**What this task involves**
Once the pictures are set aside, copy the data below exactly as it stands.

[Opening Data shown section]

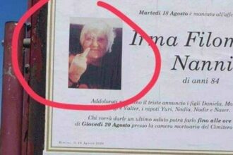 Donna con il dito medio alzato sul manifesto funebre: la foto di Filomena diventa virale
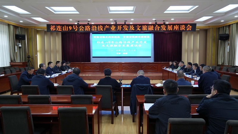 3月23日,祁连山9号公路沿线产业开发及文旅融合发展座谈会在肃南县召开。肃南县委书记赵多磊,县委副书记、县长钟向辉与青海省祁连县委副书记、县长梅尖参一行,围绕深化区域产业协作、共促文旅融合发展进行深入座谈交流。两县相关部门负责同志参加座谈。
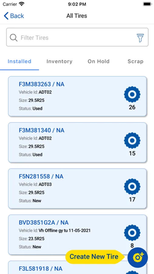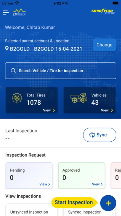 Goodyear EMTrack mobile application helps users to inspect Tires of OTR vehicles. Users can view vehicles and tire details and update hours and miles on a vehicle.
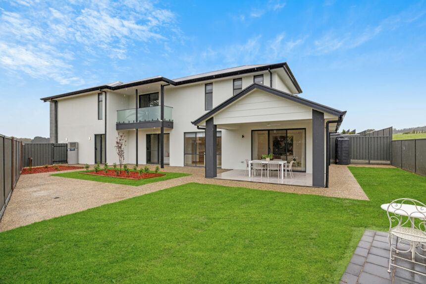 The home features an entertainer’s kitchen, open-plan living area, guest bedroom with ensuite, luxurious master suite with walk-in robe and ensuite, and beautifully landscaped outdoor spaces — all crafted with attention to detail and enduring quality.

[Closing Data shown section]

**Solution to the exercise**
 Donna con il dito medio alzato sul manifesto funebre: la foto di Filomena diventa virale
 3月23日,祁连山9号公路沿线产业开发及文旅融合发展座谈会在肃南县召开。肃南县委书记赵多磊,县委副书记、县长钟向辉与青海省祁连县委副书记、县长梅尖参一行,围绕深化区域产业协作、共促文旅融合发展进行深入座谈交流。两县相关部门负责同志参加座谈。
 Goodyear EMTrack mobile application helps users to inspect Tires of OTR vehicles. Users can view vehicles and tire details and update hours and miles on a vehicle.
 The home features an entertainer’s kitchen, open-plan living area, guest bedroom with ensuite, luxurious master suite with walk-in robe and ensuite, and beautifully landscaped outdoor spaces — all crafted with attention to detail and enduring quality.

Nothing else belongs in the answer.